Caecilia guntheri
- Conservation status: Least Concern (IUCN 3.1)

Scientific classification
- Kingdom: Animalia
- Phylum: Chordata
- Class: Amphibia
- Order: Gymnophiona
- Clade: Apoda
- Family: Caeciliidae
- Genus: Caecilia
- Species: C. guntheri
- Binomial name: Caecilia guntheri Dunn, 1942

= Caecilia guntheri =

- Genus: Caecilia
- Species: guntheri
- Authority: Dunn, 1942
- Conservation status: LC

Species of amphibian

Günther's caecilian (Caecilia guntheri) is a species of caecilian in the family Caeciliidae. It is found in Colombia and Ecuador. Its natural habitat is subtropical or tropical moist montane forests.
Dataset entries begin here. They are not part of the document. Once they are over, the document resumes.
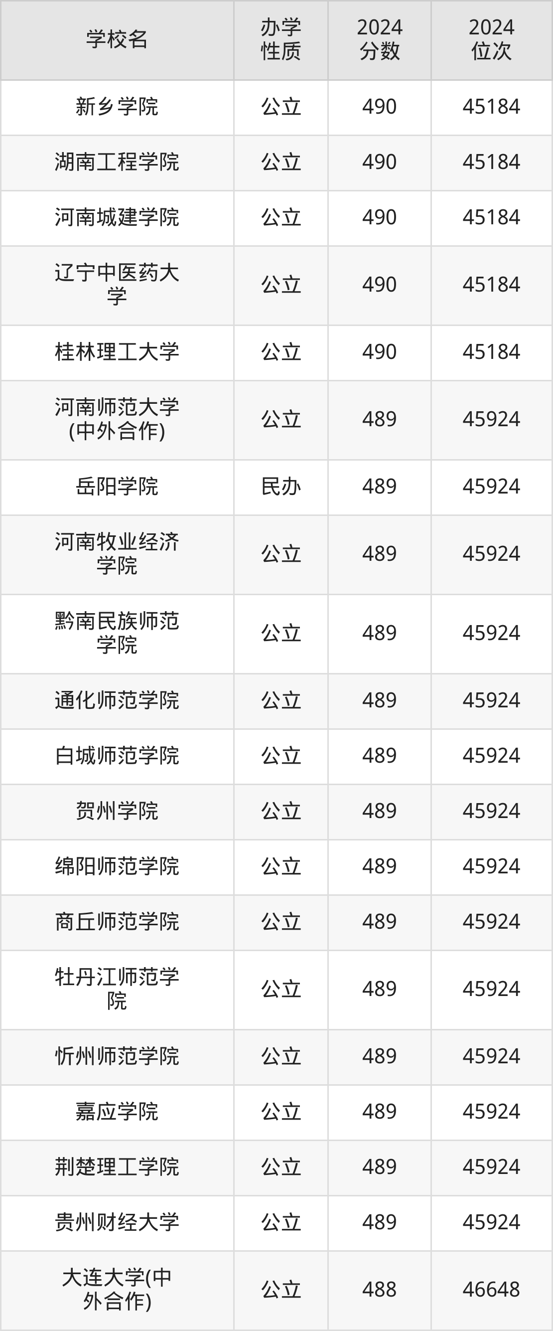 | 沈阳大学(中 外合作) | 490 | 164286 |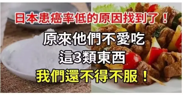 日本患癌率低的原因找到了!原來他們不愛吃「3類東西」,我們不得不服!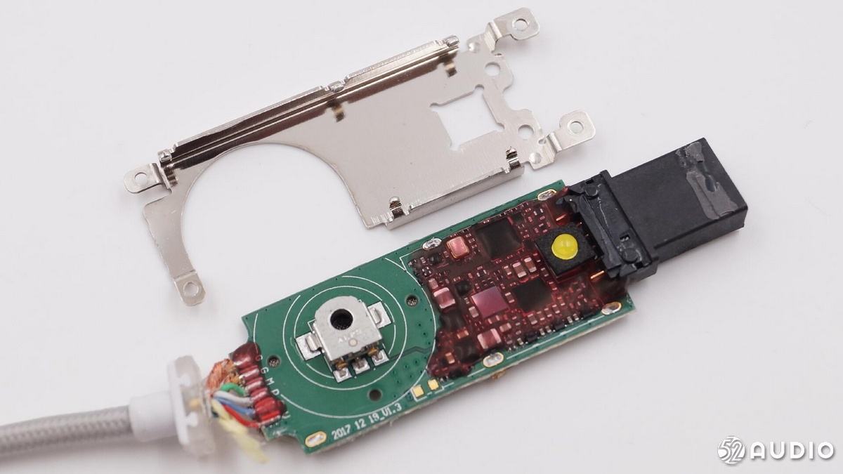 나사를 풀고 마더 보드를 제거합니다 (알루미늄 합금 케이스) USB-C 케이블의 오른쪽에있는 구멍을 볼 수 있습니다. 볼륨 노브를 왼쪽으로 돌리고 3.5mm 오디오 소켓을 왼쪽으로 돌립니다.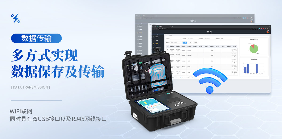 11、儀器具有 wifi 聯(lián)網(wǎng)上傳、RJ45網(wǎng)線連接功能,可以快速上傳數(shù)據(jù)。同步對接監(jiān)管平臺,數(shù)據(jù)可局域網(wǎng)和互聯(lián)網(wǎng)數(shù)據(jù)上傳,檢測結(jié)果直接傳至食品安全監(jiān)管平臺。進(jìn)行區(qū)域食品安全監(jiān)管及大數(shù)據(jù)分析處理與數(shù)據(jù)統(tǒng)計,檢測區(qū)域食品安全長短期動態(tài),達(dá)到食品安全問題預(yù)估、預(yù)警。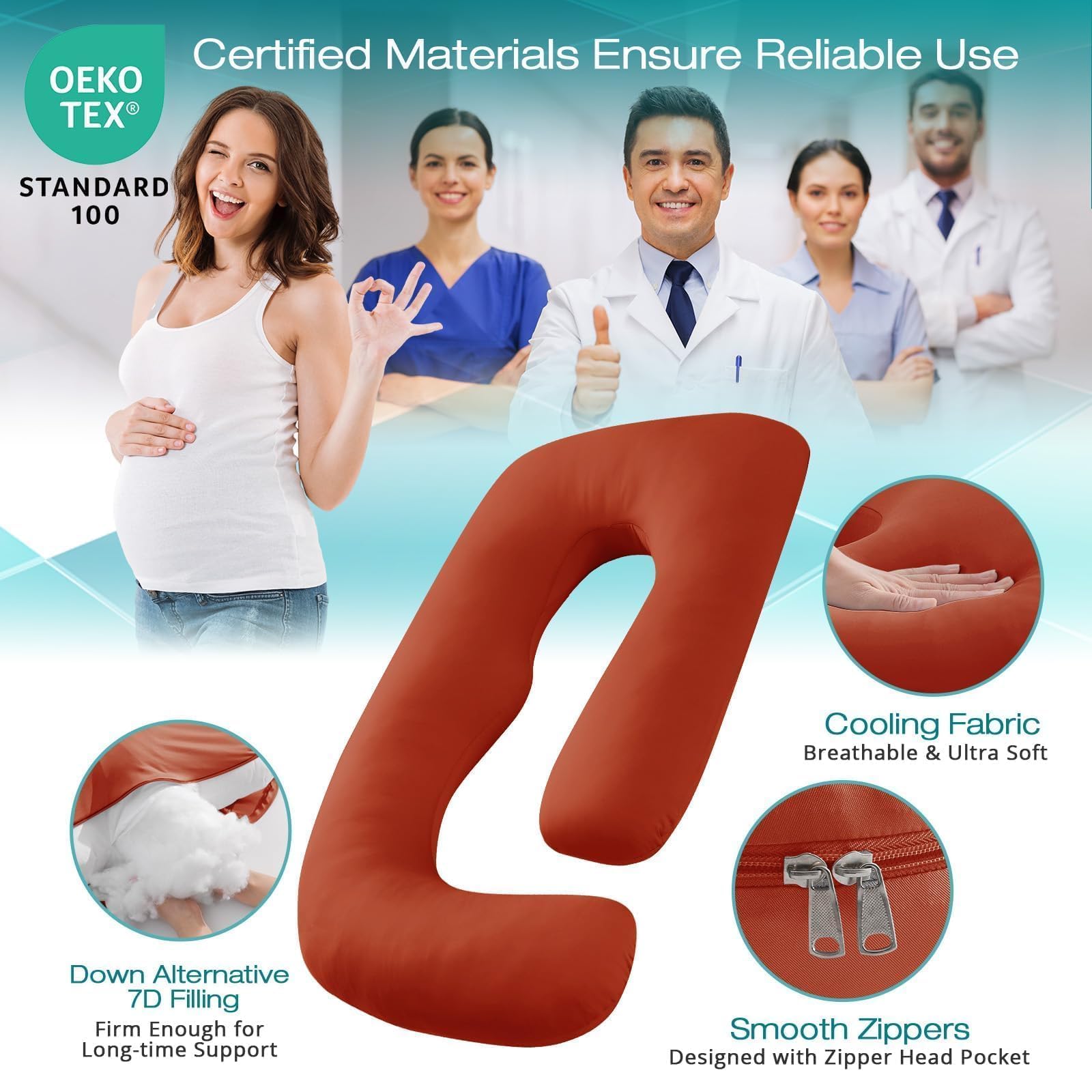 Premium Down Alternative Filling: Our U-shaped full body pillow is filled with 7lbs down-alternative filling. Blended with 40% silicified fiber and 60% polyester fibers, our pregnancy pillow strikes a good balance between support and comfort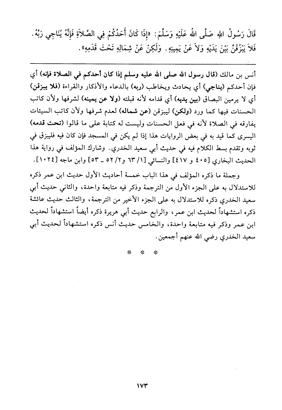 أنس بن مالك (قال رسول الله صلى الله عليه وسلم إذا كان أحدكم في الصلاة فإنه) أي فإن أحدكم (يناجي) أي يحادث ويخاطب (ربه) بالدعاء والأذكار والقراءة (فلا يبزقن) أي لا يرمين البصاق (بين يديه) أي قدامه لأنه قبلته (ولا عن يمينه) لشرفها ولأن كاتب الحسنات فيها كما ورد (ولكن) ليبزقن (عن شماله) لعدم شرفها ولأن كاتب السيئات يفارقه في الصلاة لأنه في فعل الحسنات وليست له كتابة على ما قالوا (تحت قدمه) اليسرى كما قيد به في بعض الروايات هذا إذا لم يكن في المسجد فإن كان فيه فليبزق في ثوبه وتقدم بسط الكلام فيه في حديث أبي سعيد الخدري. وشارك المؤلف في رواية هذا الحديث البخاري [٤٠٥ و ٤١٧] والنسائي [١/ ٦٣ و ٢/ ٥٢ - ٥٣] وابن ماجه [١٠٢٤].
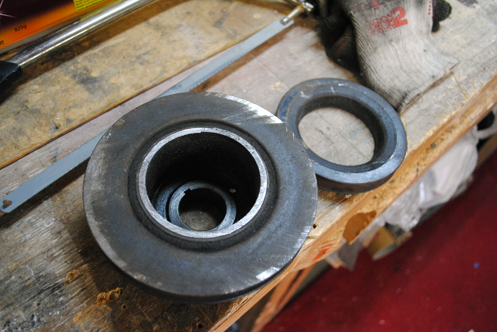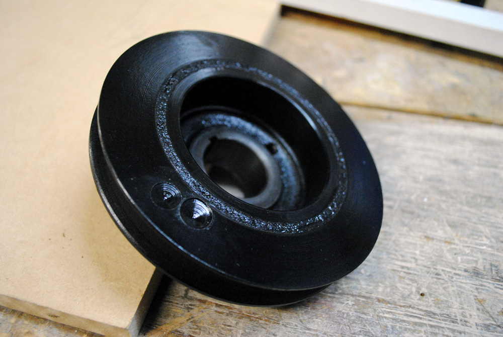 With the pulley removed I was able to cut off the un-needed groove with a hacksaw, as there was a gap between itself and the next groove, so it was easy. After mockup stage I had planned to take the pulley to be professionally re-balanced, but my plans changed. The two remaining grooves are a single piece joined together, and adhered to the center key with a rubber isolator.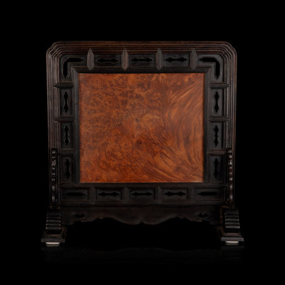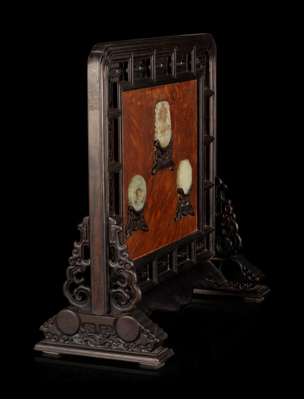 the reticulated frame of rectangular section about a burlwood panel inset with three pale celadon jade plaques raised above stands, all supported by a reticulated easel stand.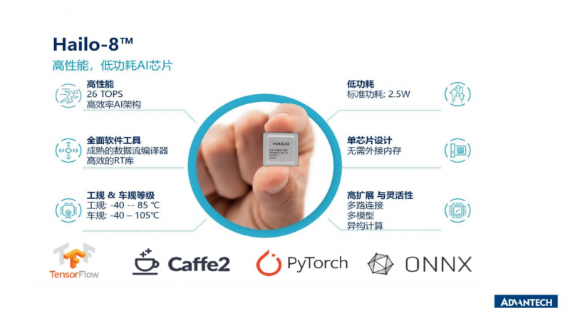 该方案采用Hailo-8高性能芯片,同时可支持Tensorflow Lite、Caffe、PyTorch、ONNX等多种AI框架,计算能力高效。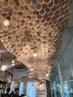 There's wall art, and a cup-like object that looks like the Milky Way on the ceiling!

== History and Taxonomy ==
The name Caecilia guntheri was used in 1880 by Peters as a nomen nudum. It was described as a species in 1942 by the American herpetologist Emmett Reid Dunn based on a holotype specimen collected from Western Ecuador.

== Morphology ==
C. guntheri is dark purple in color with a light grey underbelly and a slightly truncated or shovel-shaped head. It was previously distinguished from sympatric caecilian species by the number of annular folds along its body, which correspond in number with the animal's vertebrae; C. guntheri has 108-132 primary folds and 7-28 secondary folds Recent descriptions of new species of South American caecilia with overlapping fold ranges have cast doubt on this method as a means of distinguishing C. guntheri from other species.

== Habitat ==
C. guntheri inhabits the slopes of the Andes Mountains in Ecuador and Colombia. It has also been identified in the Pinogana District of Panama.